The latest piece of ‘research’ by the Institute of Alcohol Studies (IAS) must easily be the most extreme move yet in its increasingly desperate campaign to win over the British public and Government over the scale of our alcohol ‘problem’.
It was at least predictable: as the beer and pub industry lobbied for a further cut in beer duty in last week’s Budget, anti-alcohol campaigners were bound to counter it.
A new report, picked up by the Publican’s Morning Advertiser (PMA) on 9 March, claimed that alcohol taxes are too low because the revenue collected by Government from alcohol sales is far lower than the cost of alcohol to society.
No story
The only surprise is that their effort was so dismal, a Google search suggests the PMA was the only UK publication to give it any coverage. Even the fear-mongering, right-wing press seem to have felt there wasn’t a story here.

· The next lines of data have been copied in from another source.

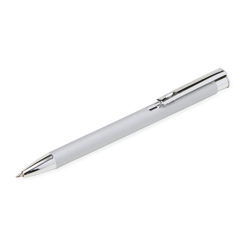 Caneta metálica com carga esferográfica azul 1.0mm e acionamento por clique.
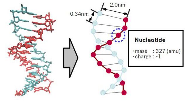 A point-charge model is applied to DNA model. Each phosphate of a nucleotide was converted into one electric beads, which has elementary electoric charge (1.602176565 x 10^−19 [C]). In DNA helix, negative charges appear along the axis of the double helix every 10.4 base pairs.
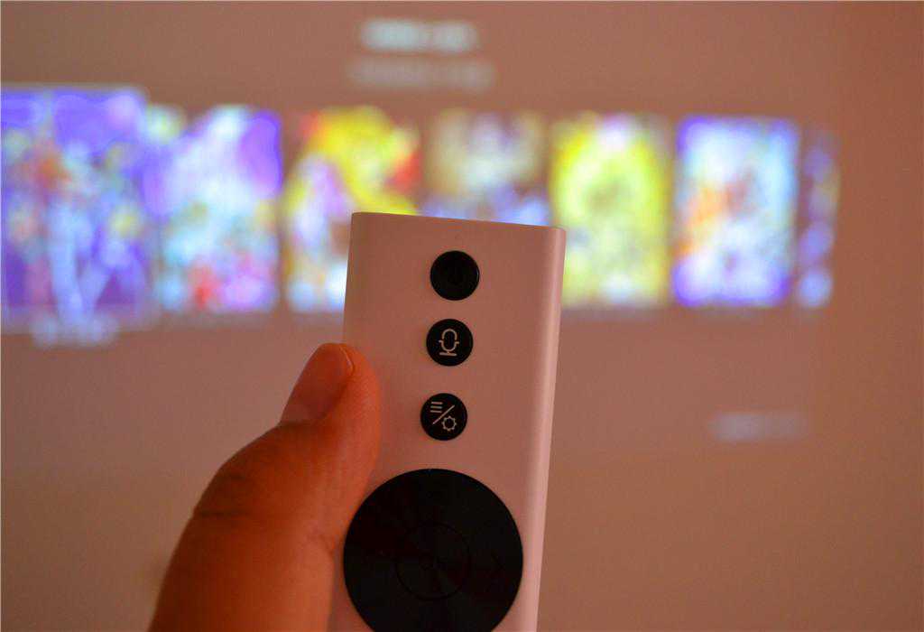 极米Z6的一个重要配件就是遥控器了,极米Z6配备了一款具备蓝牙语音操控的遥控器,按键设计采用了时下流行的12键设计,分别控制“开关、语音、功能、上下左右方向、OK、确定、返回、HOME键、音量加减”功能。在遥控器的底部带有电动对焦与音量键切换开关,实现音量键控制音量及电动调焦的功能切换,非常巧妙的设计。内置麦克风可以实现语音操作,遥控器且内置的中立感应模块能准备识别体感控制,使这款遥控器成为一款游戏手柄畅玩体感游戏。
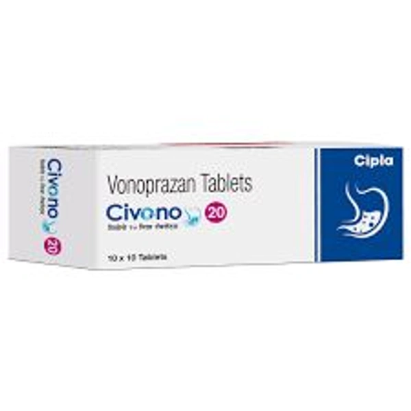 Civono 20 Tablet is a medication used to treat stomach ulcers and gastroesophageal reflux disease (GERD). It works by blocking the proton pumps in the stomach lining that produce acid. By reducing the amount of acid, it helps to heal ulcers and alleviate symptoms of GERD, such as heartburn and acid reflux.
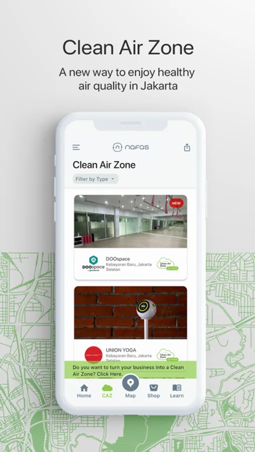 A new way to stay healthy. For the first time, you can access a curated directory of public locations in Jakarta that have been certified to have healthy indoor air by nafas. Consisted of public gym, yoga studio, beauty stores across Jakarta, we have more than 10 locations across Jakarta and new locations are coming every month.
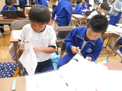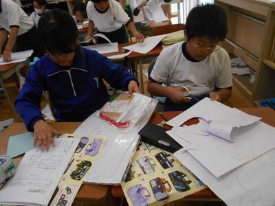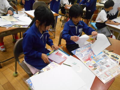 いよいよ3年生は版画の制作がスタートしました。今日は下絵作りで、形を切り取り画用紙に貼る作業を進めていました。
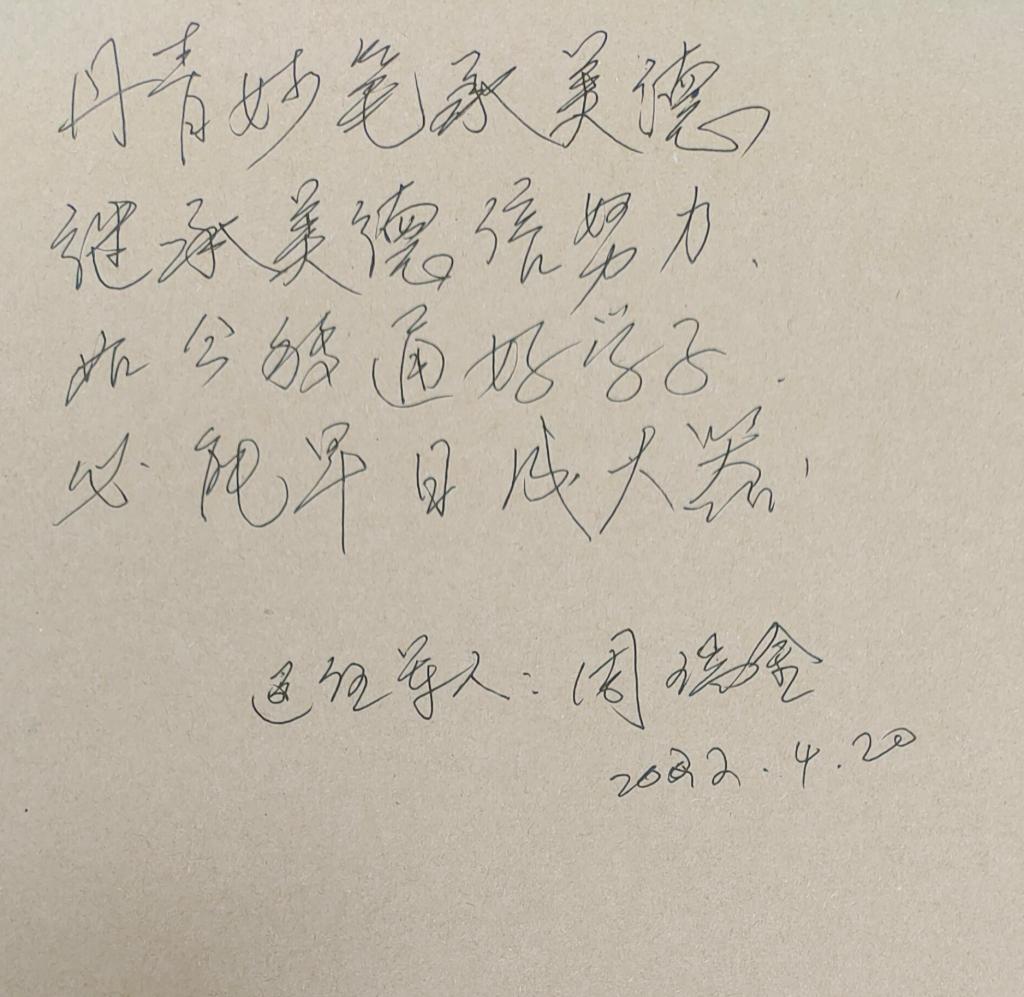 退伍军人周瑞金爷爷讲述了自己的亲身经历,并鼓励当代大学生一定要奋发图强,为祖国贡献出属于自己的力量。交流互动接近尾声,周瑞金爷爷书写墨迹赠予移通学子,只见他提笔一挥,下笔刚劲有力,行云流水般写下一首祝福诗:“丹青妙笔承美德,继承美德信努力。如今移通好学子,必能早日成大器。”引得红马甲们掌声连连。周瑞金爷爷讲解的红色历史故事大大激发了同学们学史明理、学史增信、学史崇德、学史力行的动力,同学们纷纷表示要争做“德、智、体、美、劳”全面发展的社会主义接班人。

Given that the move failed so badly, it might seem odd to give it more publicity here. But it’s worth drawing attention to it to shed light on the increasingly dodgy arguments these people are putting forward.
The report hinges on the claim that the Government collects £9bn in taxes in alcohol, whereas alcohol costs society £21bn a year. If these stats were true, there would be a strong case to answer. But the comparison between £9bn revenue and £21bn cost is completely erroneous.
Where to start?
How about with that £21bn? As I’ve written previously, this number seemed plucked from the air. The vast bulk of it consists of ‘intangible’ (and therefore incalculable) costs such as the impact on the economy of the emotional trauma of the victims of alcohol-related crime (£4.7bn of the total.) This figure was calculated in 2003.
The government unit that did it has long since been disbanded, and the independent fact verification service Full Fact was unable to find any person who worked on the project, or any data or research that was used in it. Even a cursory analysis reveals some curious anomalies that no one is able to explain, leading Full Fact to conclude that the figure is not reliable.
And what about the £9bn? Well, £9.2bn is the amount raised by duty on alcohol in the fiscal year 2014-15. But that is not the total revenue raised by taxation on alcohol. There’s also VAT, which raises an additional £2bn a year. This is not counted by the IAS because it is not a direct, punitive tax on alcohol. Well, that’s as may be. But it’s still government revenue directly from alcohol sales.
Thirdly, and perhaps most grievously, anti-alcohol campaigners like the IAS persist in not comparing like with like.
Figures
The £21bn figure, even if it was correct, is the total cost of alcohol to society, not just the cost to the taxpayer of health and emergency services dealing with alcohol-related harm. And yet in the plus column, this report and others before it only consider duty receipts from alcohol direct to the government. There isn’t an honest accountant on the planet who would accept this as an acceptable balance of cost versus benefit.
If the IAS were to compare like with like, they would have two options: firstly, to compare the cost to the UK taxpayer of alcohol abuse with the revenue to the UK treasury from alcohol sales. That would be a fair comparison. And it would reveal — as has previously been reported — that revenue would exceed cost to the tune of more than £6bn a year.
If they want to include every single cost of alcohol to society — including everything from lost productivity due to hangovers to expenditure on alarms to prevent alcohol-fuelled crime — they need to also include the broadest possible range of benefits from alcohol consumption.
Lies
And that would include the contribution pubs make to their local economy, and corporation tax paid by brewers, to the intangible benefit of the stronger social networks, increased community cohesion and stress reduction that moderate consumption gives the majority of drinkers.
Anti-alcohol campaigners are aware of all this, and yet they continue to quote their figure of £21bn versus £9bn figures as fact.
If you continue to insist something is true when you know it’s not, that makes you a ‘liar’. It’s time the drinks industry went on the offensive against these people and named them for what they are.